I smile like I'm agreeing and then look out the window.

There's Ayden across the street. Walking purposefully down the sidewalk. He's got a different coat on, so I almost don't recognize him, but his flop of dark hair catches my attention. His hands are stuffed in the pockets of his coat. His straight posture and long stride are striking.

"I'll be back." I grab the sleeping bag and dash through the door.

I look both ways for traffic and, though it's close on both sides of the street, I rush across anyway, waving an apology to the drivers of the two closest cars. Ayden's legs are long, and he's walking fast. By the time I get close enough to call his name, I'm panting from the effort.

He spins to a halt, and his face goes oddly blank when he recognizes me.

I jog the last bit and force a smile as I try to catch my breath. "Hi."

He's wearing a wool peacoat like sailors wear.

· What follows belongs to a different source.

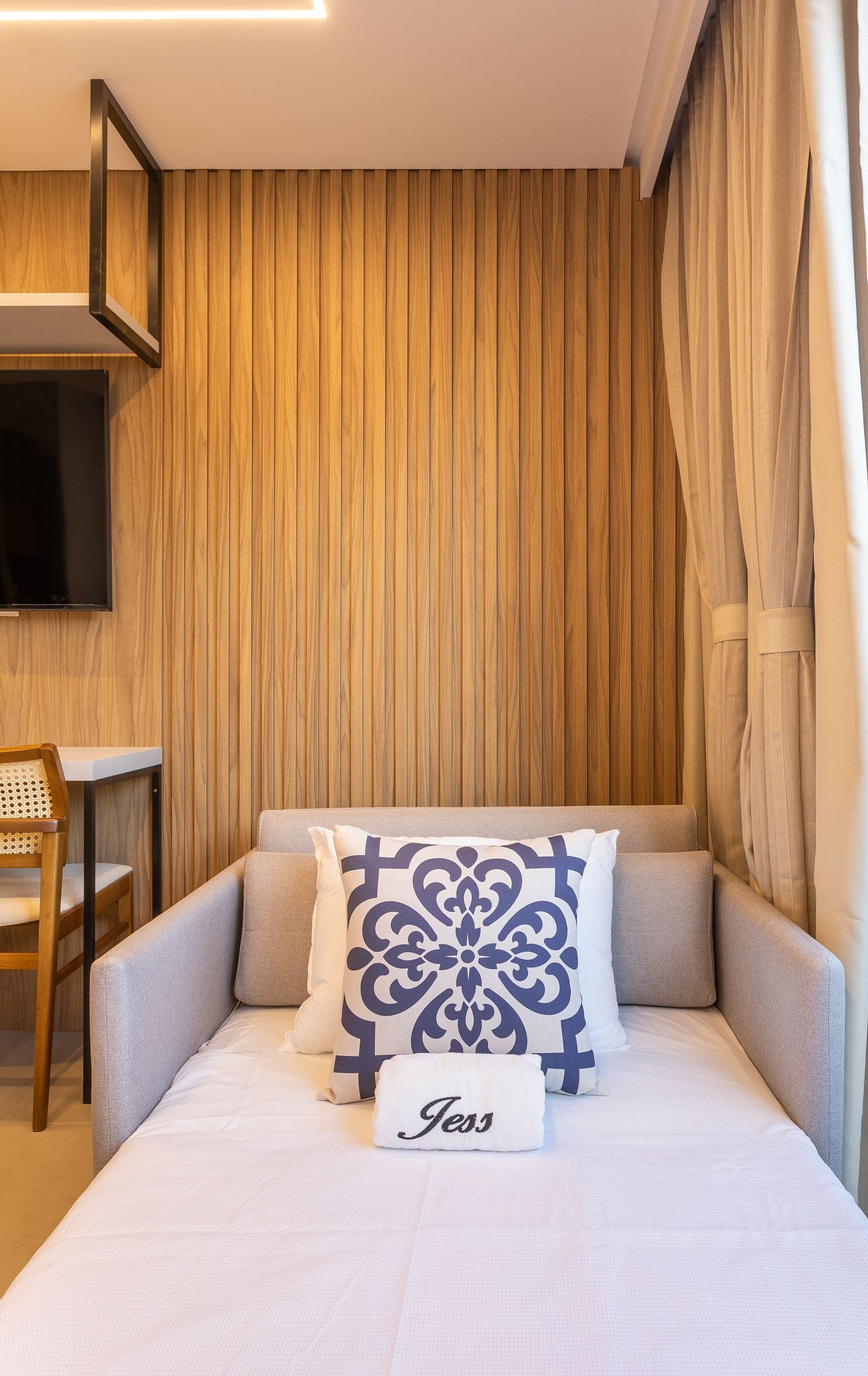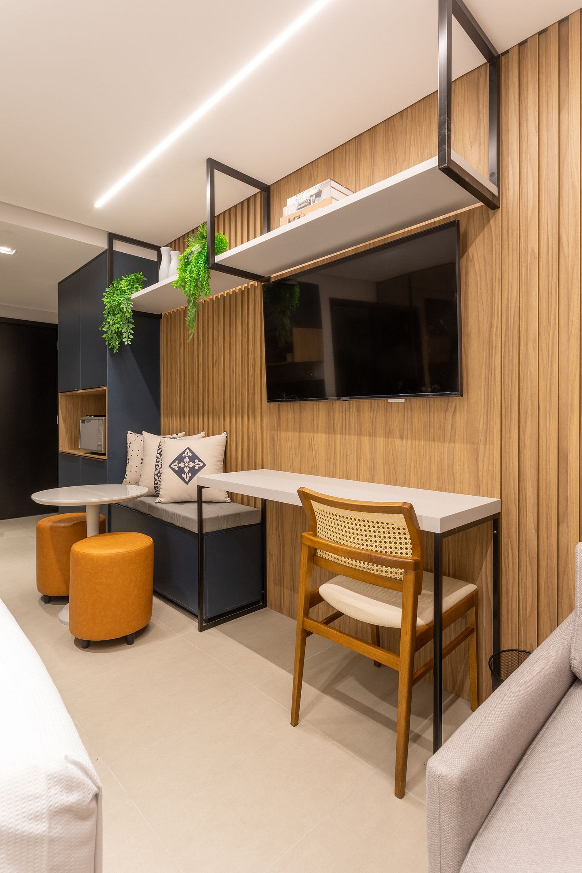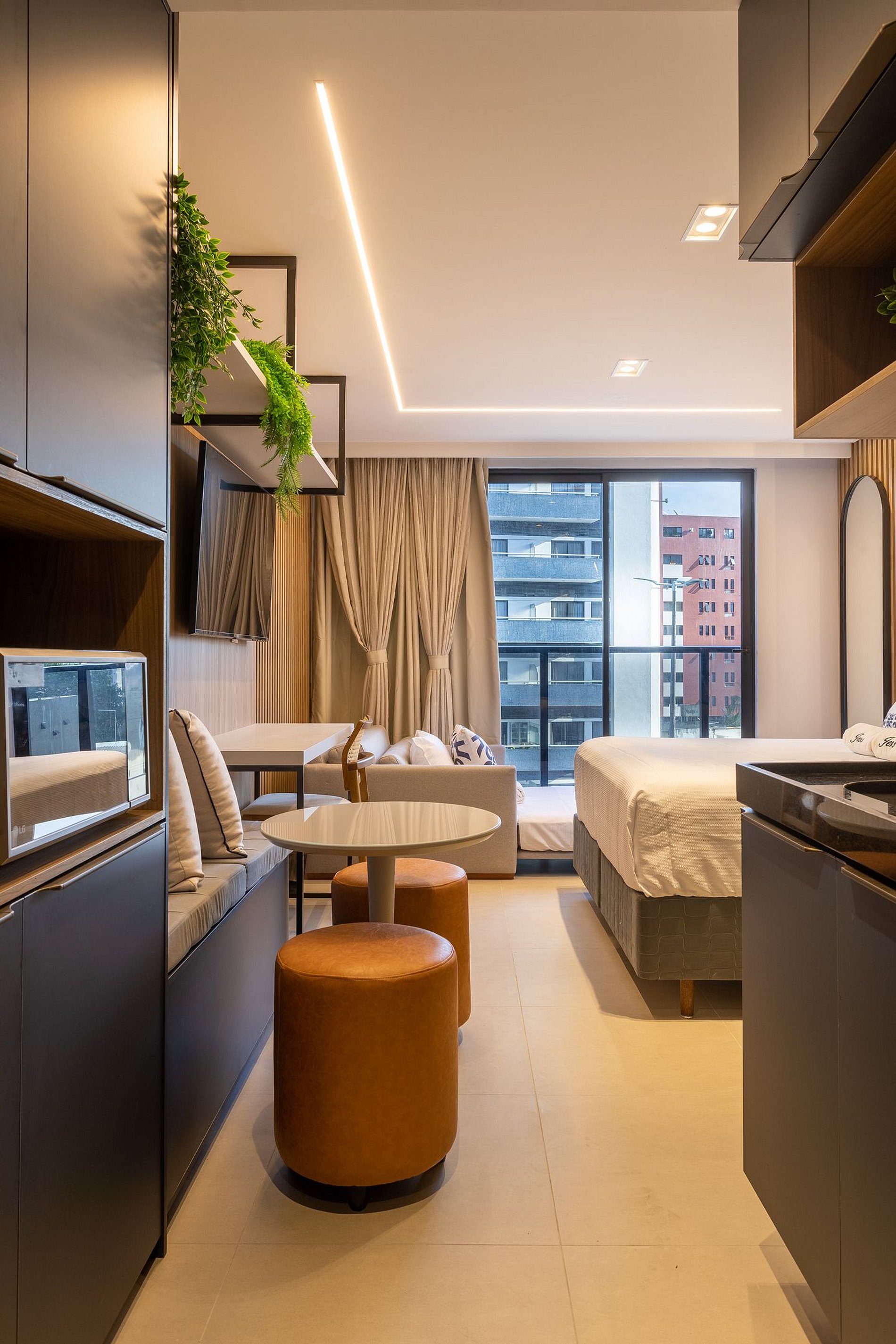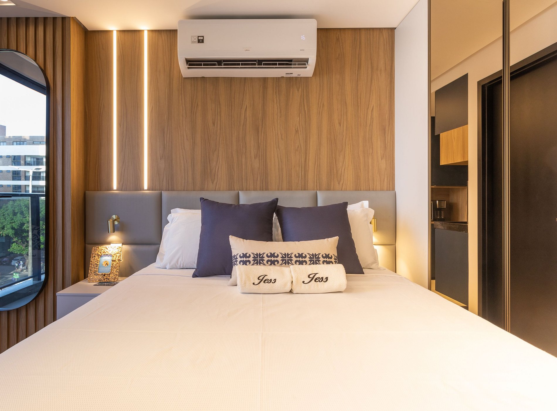 Aproveite a excelente estrutura do condomínio, que inclui piscina, academia, jardim, Wi-Fi gratuito e estacionamento rotativo. As unidades são completamente equipadas com ar-condicionado, cozinha moderna, além de banheiro privativo.

It's old, a bit tattered, but he looks very handsome in it. With flushed cheeks and wind blown hair, he's more attractive than I've noticed before. I'm glad my own cheeks are already red, but when he cocks his head I know he recognizes my increased awareness.

"I was looking for you," I say. Though I only want to flee. Everything feels wrong.

"Why?" His attention halts on the sleeping bag, and slowly comes back to me again.

"I worried that you wouldn't go to a shelter even though the weather is colder." Suddenly I'm yammering. My heart tells me to keep talking so he can't and my head has stopped working entirely. "I know you're completely capable, Ayden. Don't take this wrong at all. I just want you to have what you need to survive the cold nights."

I shove the sleeping bag in his direction. The sage green color seems too feminine all of a sudden. Panic wells inside me, and I want to hide the bag behind my back. Beg he forget I ever offered. Instead he steps forward, reaching for it, but stops just short of taking it. He's so tall.

"You were looking for me to give me this?" His brow wrinkles as he stares at the sleeping bag. Shaky hands close around either side of it, and I notice he's wearing black leather gloves. The seams are worn, but they look sufficient. I smile as relief fills me.

When I look up, our eyes lock, and my stomach somersaults. I can't read his expression. Thankfully, I don't see any anger. I was worried he would be offended.

My mouth blurts again. "I know you can take care of yourself."

Half a smile flirts across his face. "You said that already. I'm glad you feel that so strongly."

"I...I..." Honestly, I have no idea what to say. I can't bring myself to admit how much I worry about him.